- WHAT THIS TASK INVOLVES
Reproduce, exactly and in full, the lines from the one with "All-match Top |" through the one with "以下は『あそびの大惑星5』(農文協)にあ" in the data below; drop pictures.

- DATA SECTION

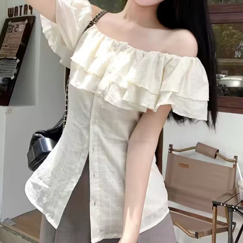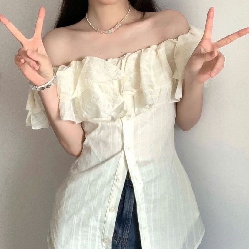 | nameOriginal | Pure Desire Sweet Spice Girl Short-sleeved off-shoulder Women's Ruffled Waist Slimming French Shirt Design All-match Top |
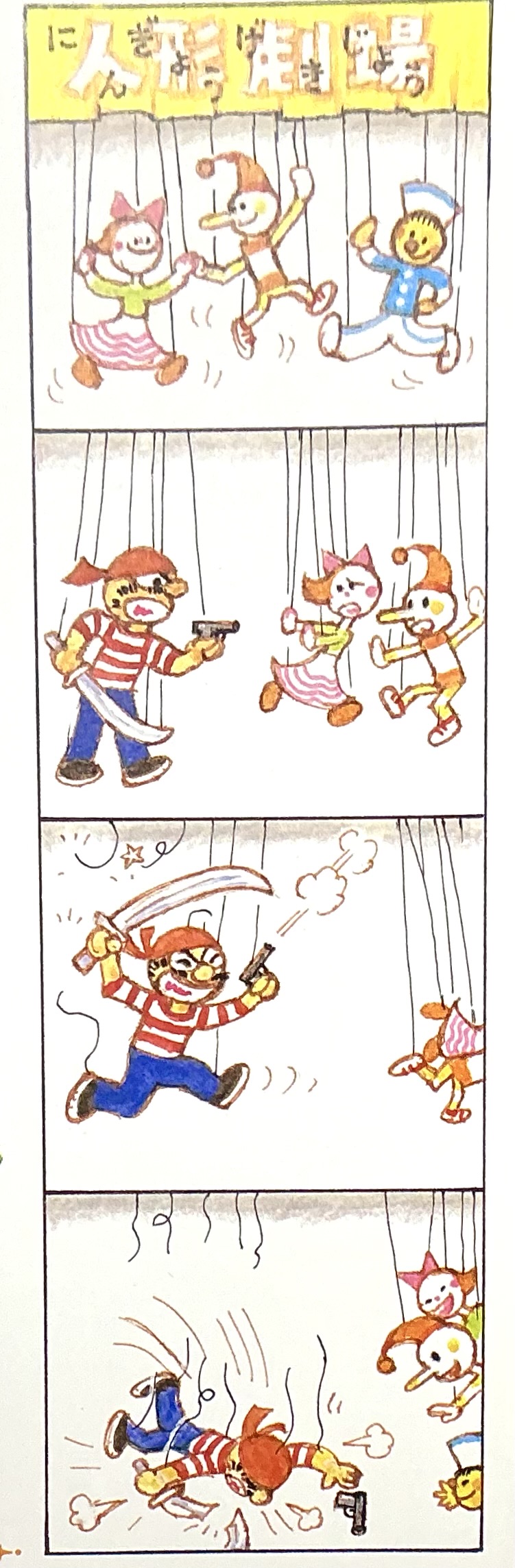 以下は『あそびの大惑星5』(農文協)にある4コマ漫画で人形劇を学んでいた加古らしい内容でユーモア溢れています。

--

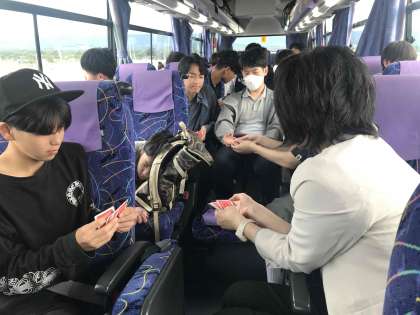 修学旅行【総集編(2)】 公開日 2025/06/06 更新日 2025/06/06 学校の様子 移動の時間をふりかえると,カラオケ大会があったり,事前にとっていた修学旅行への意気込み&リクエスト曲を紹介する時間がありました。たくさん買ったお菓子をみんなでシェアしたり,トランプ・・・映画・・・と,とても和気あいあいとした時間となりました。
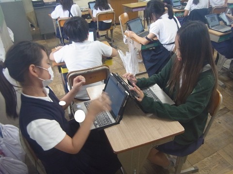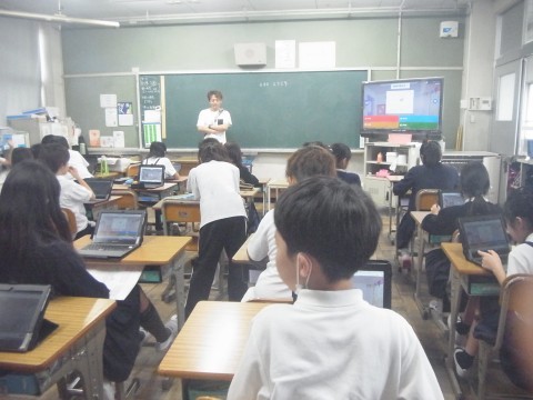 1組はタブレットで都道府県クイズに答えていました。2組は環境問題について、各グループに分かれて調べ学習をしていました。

==

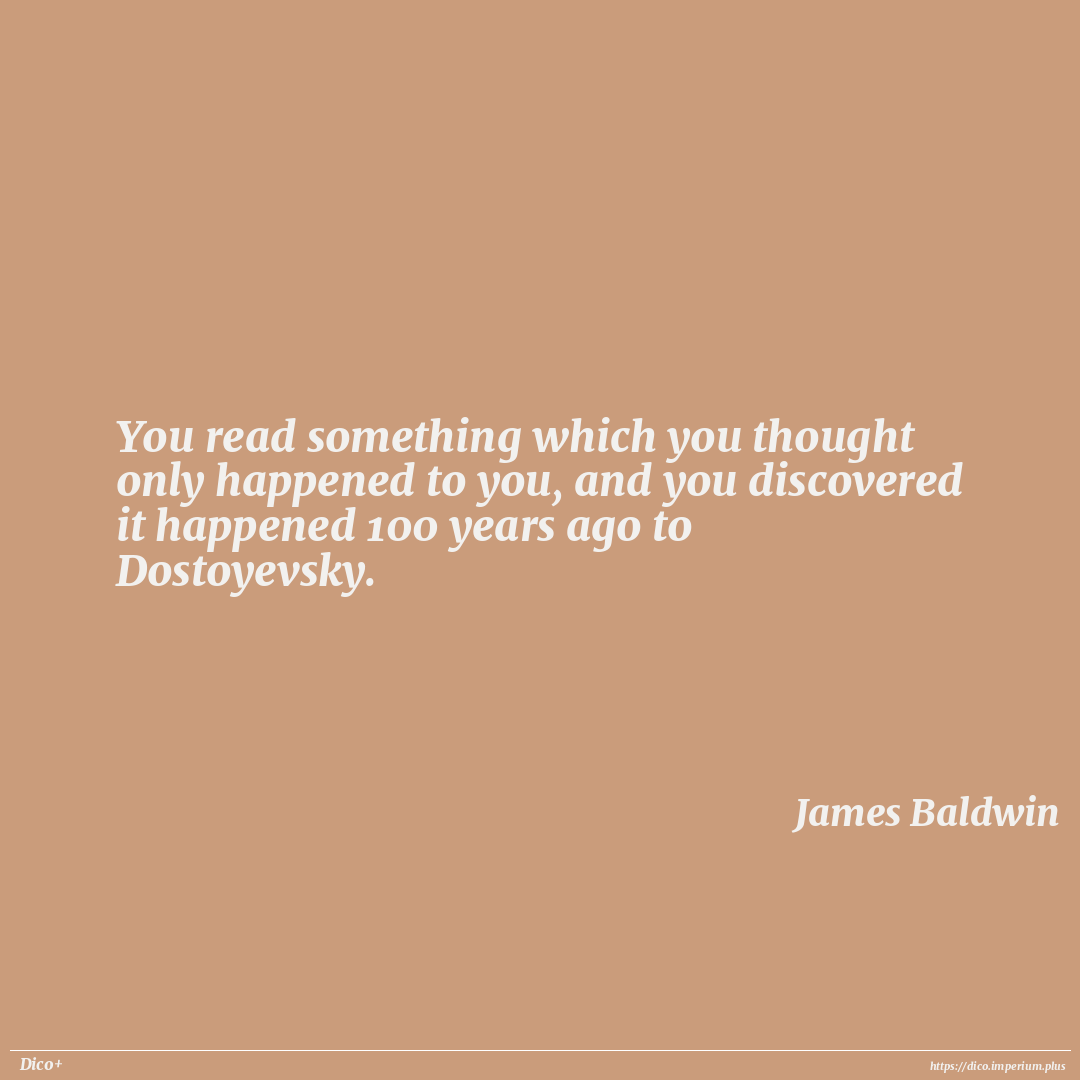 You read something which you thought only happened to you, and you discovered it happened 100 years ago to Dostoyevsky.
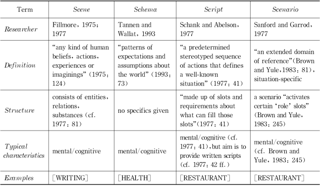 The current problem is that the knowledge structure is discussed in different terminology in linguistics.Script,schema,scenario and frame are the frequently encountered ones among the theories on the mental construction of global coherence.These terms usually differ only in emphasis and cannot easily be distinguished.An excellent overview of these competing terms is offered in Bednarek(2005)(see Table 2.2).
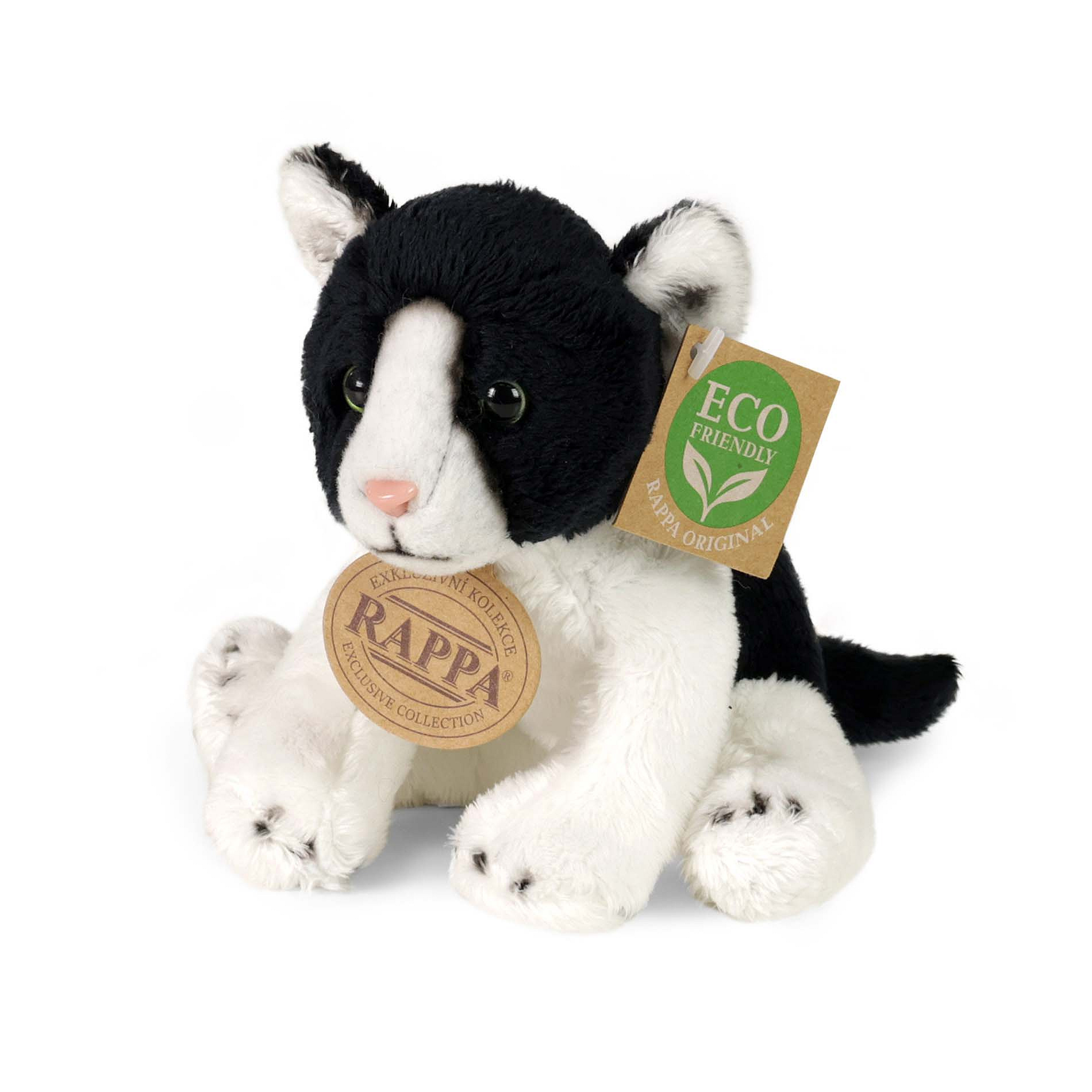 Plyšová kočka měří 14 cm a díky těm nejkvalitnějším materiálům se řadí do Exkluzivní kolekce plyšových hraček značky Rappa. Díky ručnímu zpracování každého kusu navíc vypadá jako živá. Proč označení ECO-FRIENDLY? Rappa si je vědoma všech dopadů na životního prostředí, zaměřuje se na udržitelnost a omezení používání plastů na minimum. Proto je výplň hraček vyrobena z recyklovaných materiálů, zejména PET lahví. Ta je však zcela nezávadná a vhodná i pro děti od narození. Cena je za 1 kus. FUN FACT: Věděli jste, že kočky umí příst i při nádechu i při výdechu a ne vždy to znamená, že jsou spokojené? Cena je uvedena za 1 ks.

- ANSWER SECTION
 | nameOriginal | Pure Desire Sweet Spice Girl Short-sleeved off-shoulder Women's Ruffled Waist Slimming French Shirt Design All-match Top |
 以下は『あそびの大惑星5』(農文協)にある4コマ漫画で人形劇を学んでいた加古らしい内容でユーモア溢れています。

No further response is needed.